MARIANO JOSÉ DE LARRA
1. “VUELVA USTED MAÑANA”
[Un amigo francés de Larra, llamado Sans-delái (literalmente, “sin
descanso”), ha llegado a España para invertir su dinero en unos negocios. Antes
debe realizar unos trámites burocráticos que incluyen la visita a un
genealogista con el fin de aclarar sus antecedentes familiares. Sans-delái
pensaba que conseguir todos los documentos necesarios le llevaría unos quince
días, pero…]
Amaneció el día siguiente, y salimos entrambos a buscar un genealogista, lo
cual sólo se pudo hacer preguntando de amigo en amigo y de conocido en
conocido: encontrámosle por fin, y el buen señor, aturdido de ver nuestra
precipitación, declaró francamente que necesitaba tomarse algún tiempo; instósele,
y por mucho favor nos dijo definitivamente que nos diéramos una vuelta por allí
dentro de unos días. Sonreíme y marchámonos. Pasaron tres días; fuimos.
Vímosle por fin, y «Vuelva usted
mañana -nos dijo-, porque se me ha olvidado. Vuelva usted mañana, porque no
está en limpio».
A los quince días ya estuvo; pero mi amigo
le había pedido una noticia del apellido Díez, y él había entendido Díaz, y la
noticia no servía. Esperando nuevas pruebas, nada dije a mi amigo, desesperado ya de dar jamás con sus abuelos. […]
Para las proposiciones que acerca de
varios establecimientos y empresas utilísimas pensaba hacer, había sido preciso
buscar un traductor; por los mismos pasos que el genealogista nos hizo pasar el
traductor; de mañana en mañana nos llevó hasta el fin del mes. Averiguamos que
necesitaba dinero diariamente para comer, con la mayor urgencia; sin embargo,
nunca encontraba momento oportuno para trabajar. El escribiente hizo después
otro tanto con las copias, sobre llenarlas de mentiras, porque un escribiente
que sepa escribir no le hay en este país.

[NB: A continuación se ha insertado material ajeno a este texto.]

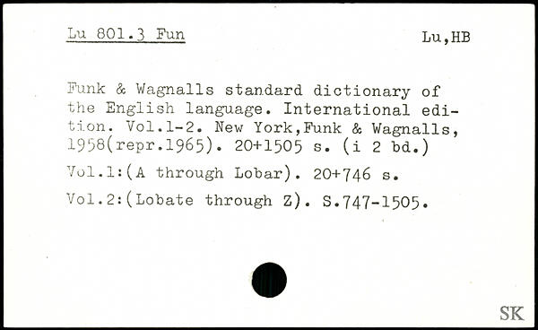 Funk & Wagnalls standard dictionary of the English language. International edition.
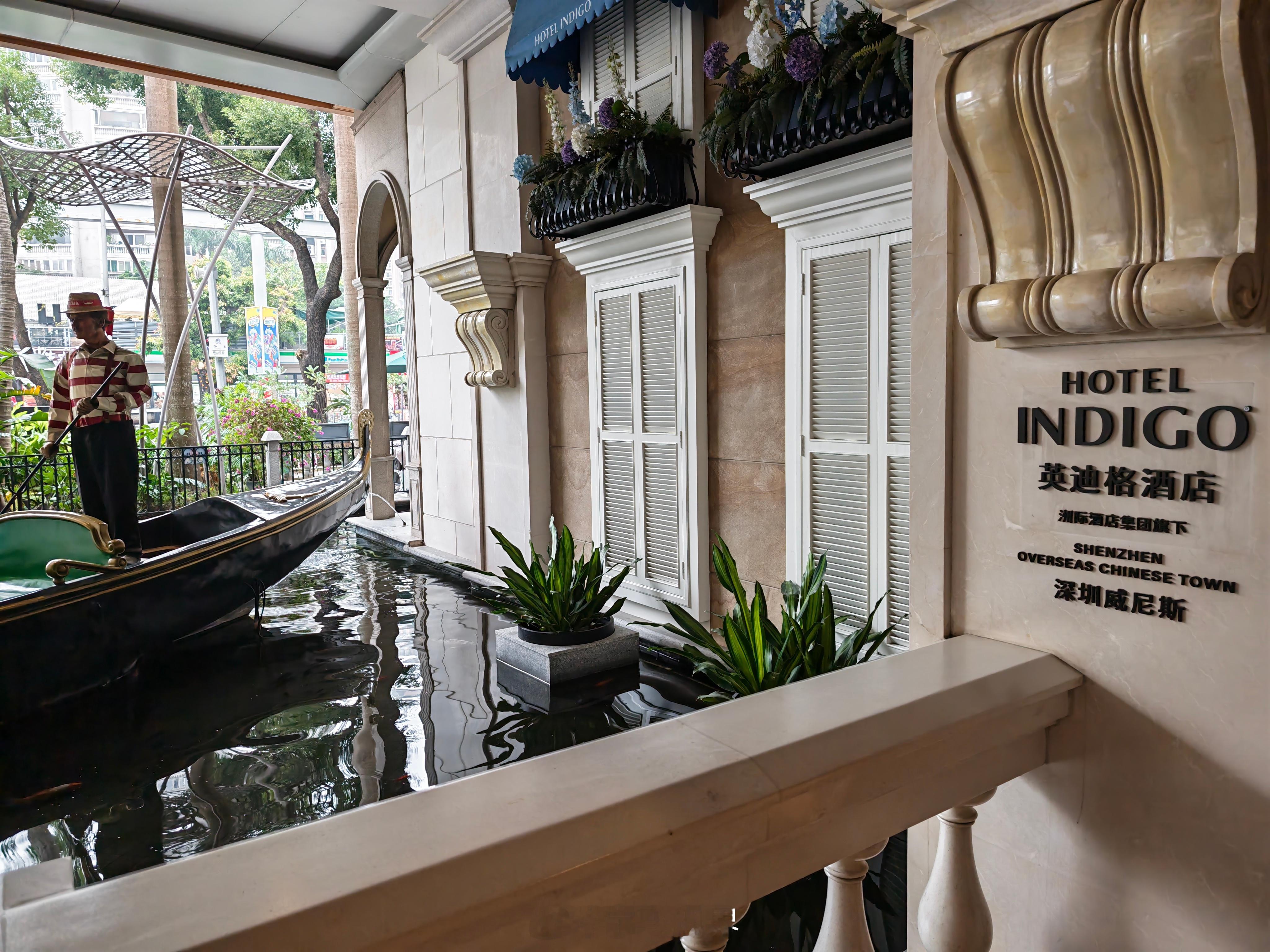这酒店好梦幻,门口有船,里面有桥。出门就是欢乐谷和世界之窗 深圳·深圳威尼斯英迪格酒店

No paró aquí; un sastre tardó veinte días en hacerle un frac, que le había
mandado llevarle en veinticuatro horas; el zapatero le obligó con su tardanza a
comprar botas hechas; la planchadora necesitó quince días para plancharle una
camisola; y el sombrerero a quien le había enviado su sombrero a variar el ala,
le tuvo dos días con la cabeza al aire y sin salir de casa.
Sus conocidos y amigos no le asistían a
una sola cita, ni avisaban cuando faltaban, ni respondían a sus esquelas. ¡Qué
formalidad y qué exactitud!
[Después de meses de espera, se le deniega
el permiso para iniciar sus negocios]
-¿Para esto he echado yo mi viaje tan largo? ¿Después
de seis meses no habré conseguido sino que me digan en todas partes
diariamente: «Vuelva usted mañana», y cuando este dichoso «mañana» llega en
fin, nos dicen redondamente que «no»? ¿Y vengo a darles dinero? ¿Y vengo a
hacerles favor? Preciso es que la intriga más enredada se haya fraguado para
oponerse a nuestras miras.
-¿Intriga, monsieur Sans-délai? No hay hombre capaz de seguir dos horas una
intriga. La pereza es la verdadera intriga; os juro que no hay otra; ésa es la
gran causa oculta: es más fácil negar las cosas que enterarse de ellas.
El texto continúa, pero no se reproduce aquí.